James Milton Wilkinson (November 9, 1838January 24, 1898) was a Michigan politician.

==Early life and education==
Wilkinson was born on January 24, 1838, in Novi, Michigan. In his early life, he lived on a farm. He attended district school, and was prepared for college by a professor at the Ypsilanti Union Seminary. In the fall of 1860, Wilkinson first attended the University of Michigan's literary department. In 1862, he entered the university's law department, from which he graduated in 1864.

==Career==
Wilkinson moved to Marquette, Michigan to practice law with Henry D. Smith.
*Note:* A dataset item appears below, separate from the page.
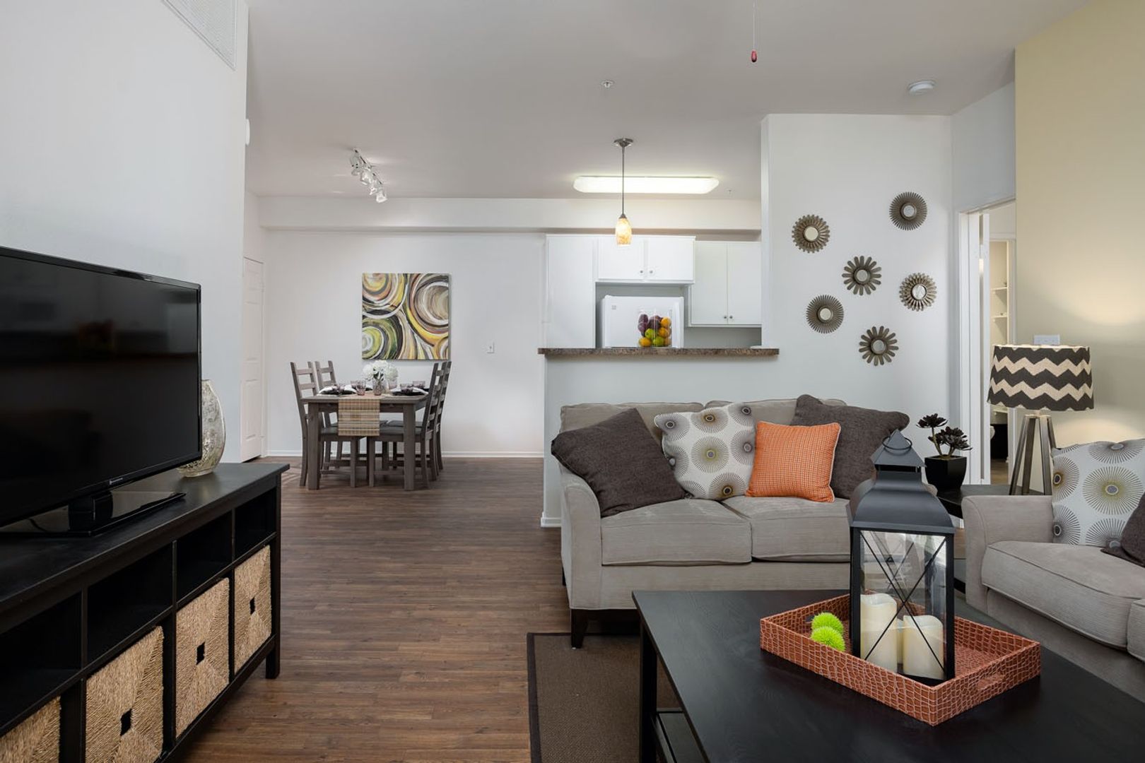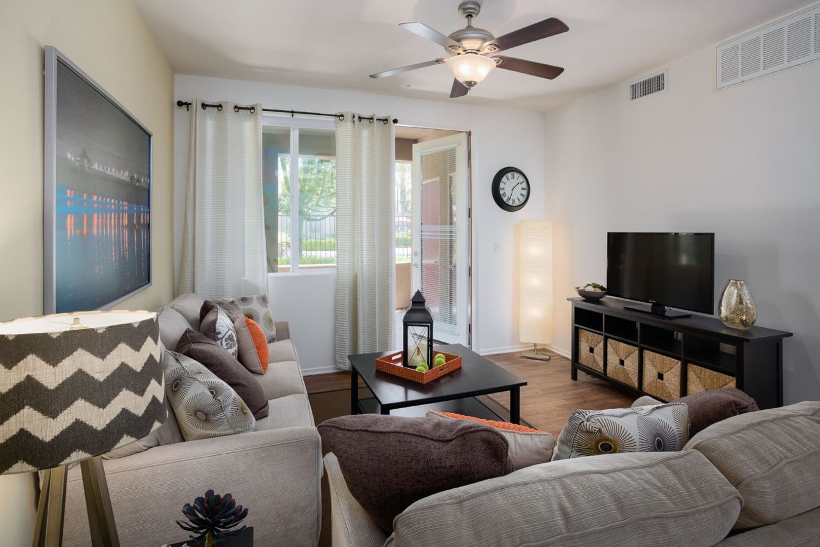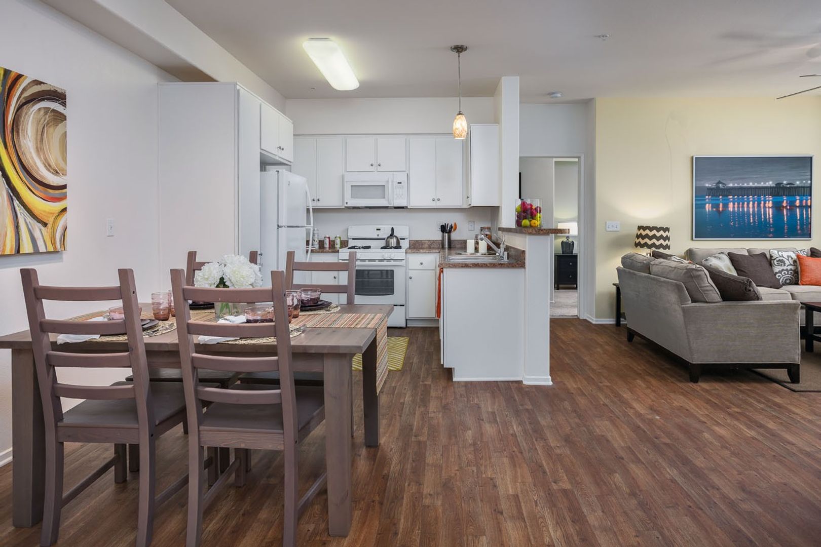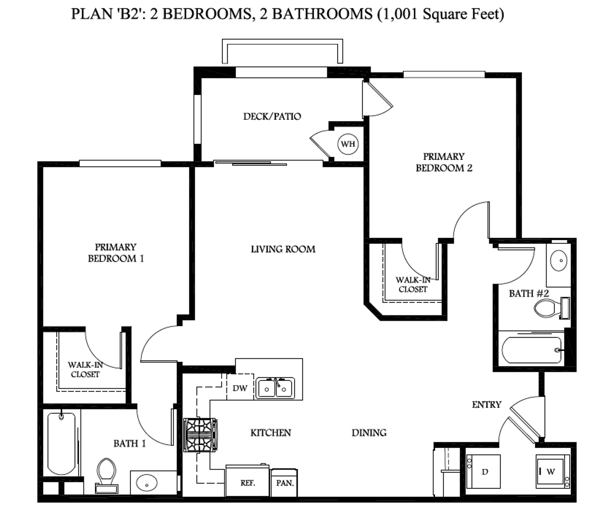 This two bedroom apartment offers an open floor plan with walk in closets.

He abandoned the law practice in 1873 to get involved in the banking business. Wilkinson held the office of Receiver of Public Money at the United States Land Office in Marquette for sixteen years, from around 1873 to 1889. Wilkinson was appointed by Governor Cyrus G. Luce to a commission to select the location of the Upper Peninsula State Prison. He then served on the first board of control of the prison.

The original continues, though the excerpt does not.